Rex, this is very interesting. You've hit on something I guess I intuitively recognized, but didn't really about at length. That the companies who are most willing to take risks on social media are those who either have nothing left to lose , or those who can afford to take some risks because they are doing rather well. I work at IBM. I think your thoughts are accurate. And I see my colleagues who are doing some of the most interesting work sit in one of those camps. They either got into their social media as a result of duress at that time (Dell, GM, JetBlue, etc.) or those who got into it because they were doing well and could afford to take risks. Intriguing.

Dennis D. McDonald said...

Rex,

It's good to see this type of analysis.

One dimension I think that is also important to consider is the willingness of the organization to believe that there is a connection between social media and innovation and/or productivity.
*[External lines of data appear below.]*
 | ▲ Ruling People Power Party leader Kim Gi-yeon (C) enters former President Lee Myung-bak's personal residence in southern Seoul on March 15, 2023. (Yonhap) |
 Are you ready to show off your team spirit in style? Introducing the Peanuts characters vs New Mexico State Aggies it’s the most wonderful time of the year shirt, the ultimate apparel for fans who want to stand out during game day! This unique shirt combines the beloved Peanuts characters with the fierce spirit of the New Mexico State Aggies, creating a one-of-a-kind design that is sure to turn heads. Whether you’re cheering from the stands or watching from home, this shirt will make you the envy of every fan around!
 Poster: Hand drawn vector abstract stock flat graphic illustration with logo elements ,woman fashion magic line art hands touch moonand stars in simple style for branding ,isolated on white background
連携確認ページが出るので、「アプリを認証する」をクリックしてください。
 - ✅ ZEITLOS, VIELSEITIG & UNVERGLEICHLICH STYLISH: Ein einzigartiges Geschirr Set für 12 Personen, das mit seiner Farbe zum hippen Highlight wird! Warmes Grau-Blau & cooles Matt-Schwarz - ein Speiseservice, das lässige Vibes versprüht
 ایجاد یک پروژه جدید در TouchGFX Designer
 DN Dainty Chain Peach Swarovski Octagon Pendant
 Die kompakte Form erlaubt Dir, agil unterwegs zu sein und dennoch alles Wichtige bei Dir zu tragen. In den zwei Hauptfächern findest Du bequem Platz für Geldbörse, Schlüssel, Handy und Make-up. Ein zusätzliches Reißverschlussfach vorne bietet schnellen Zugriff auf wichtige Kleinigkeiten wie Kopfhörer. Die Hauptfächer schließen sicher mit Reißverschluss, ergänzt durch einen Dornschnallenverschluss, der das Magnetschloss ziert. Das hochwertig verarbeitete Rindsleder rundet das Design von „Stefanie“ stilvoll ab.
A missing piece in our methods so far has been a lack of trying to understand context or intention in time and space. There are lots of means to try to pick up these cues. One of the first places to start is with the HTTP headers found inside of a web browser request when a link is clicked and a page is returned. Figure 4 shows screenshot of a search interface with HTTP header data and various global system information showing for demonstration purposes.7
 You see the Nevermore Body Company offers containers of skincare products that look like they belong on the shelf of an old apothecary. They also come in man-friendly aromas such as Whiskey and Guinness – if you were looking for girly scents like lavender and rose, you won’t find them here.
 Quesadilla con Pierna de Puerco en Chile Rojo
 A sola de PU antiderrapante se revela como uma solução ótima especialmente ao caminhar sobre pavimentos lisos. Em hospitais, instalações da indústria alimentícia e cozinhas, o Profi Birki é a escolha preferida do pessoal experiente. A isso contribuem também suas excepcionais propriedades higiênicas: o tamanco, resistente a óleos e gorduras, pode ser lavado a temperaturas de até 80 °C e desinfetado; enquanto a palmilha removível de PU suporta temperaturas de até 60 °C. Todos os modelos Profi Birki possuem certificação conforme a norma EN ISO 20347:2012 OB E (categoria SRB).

I think this willingness is related partly to whether social media are treated as an application (which impacts specific processes) or part of infrastructure (which impacts multiple processes).

When people are pushed to the wall some tend to look at multiple options and may want to try many different things; this argues for an application- or process-specific implementation of social media, since I suspect that many companies with their backs against the wall see infrastructure changes as potentially too disruptive.

Dennis McDonald
http://www.ddmcd.com

Rex Lee said...

Adam, Thanks for comment. I think you have some excellent examples. Another company we could add to the list would be Starbucks.

russellpearson said...

The real momentum, the proof of the pudding here, will I believe be if/when the ROI of can be demonstrated. In this I'm convinced that those organisations that adopt first will have a big productivity advantage over their peers.
The risk is however, that as the Credit Crunch continues and risk itself either increases, or is perceived to increase, that companies will become very wary of adopting 2.0.
In all of this however, people, i.e the employees are still going to carry on using social media and 2.0 at work as much as at home. I suspect here too that those most adverse to risk will want to close down those dialogues, a result that would be a loss to both parties.

deb said...

Heh Rex. I found this very interesting and very optimistic. Though I hope I'm wrong, I fear the challenge for the 'nothing to lose' end of the spectrum is that you still need to be smart and have people around you who know what Web 2.0 can and cannot do. If there's 'panic in the streets' it may be very hard to hear the few voices of reason who may be suggesting untried Web 2.0 solutions.